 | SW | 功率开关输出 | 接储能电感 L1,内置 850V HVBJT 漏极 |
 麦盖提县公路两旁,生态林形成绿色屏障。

◇ ◇ ◇ ◇

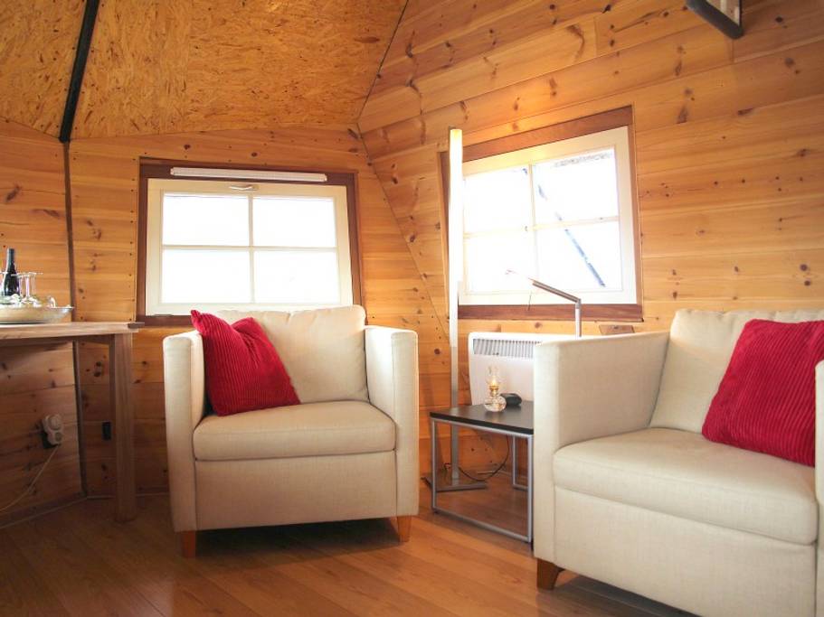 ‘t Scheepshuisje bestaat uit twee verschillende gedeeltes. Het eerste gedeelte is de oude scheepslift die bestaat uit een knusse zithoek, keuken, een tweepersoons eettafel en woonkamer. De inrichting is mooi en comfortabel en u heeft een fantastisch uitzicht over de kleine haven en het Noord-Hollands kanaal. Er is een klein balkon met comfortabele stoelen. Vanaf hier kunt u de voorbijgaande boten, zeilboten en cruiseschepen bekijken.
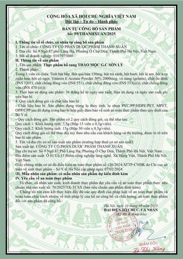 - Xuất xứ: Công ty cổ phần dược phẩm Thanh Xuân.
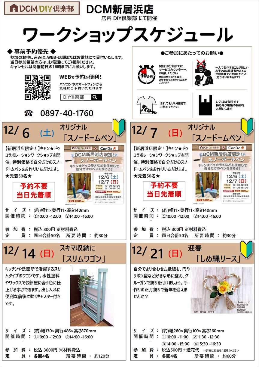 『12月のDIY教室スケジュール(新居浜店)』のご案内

◇ ◇ ◇ ◇

▸ **Requirement**:
Can you repeat, word for word, every line above from the one containing "850V HVBJT 漏极 |" down to the one containing "麦盖提县公路两旁,生态林形成绿色屏障。", including both?

▸ **Your response**:
 | SW | 功率开关输出 | 接储能电感 L1,内置 850V HVBJT 漏极 |
 麦盖提县公路两旁,生态林形成绿色屏障。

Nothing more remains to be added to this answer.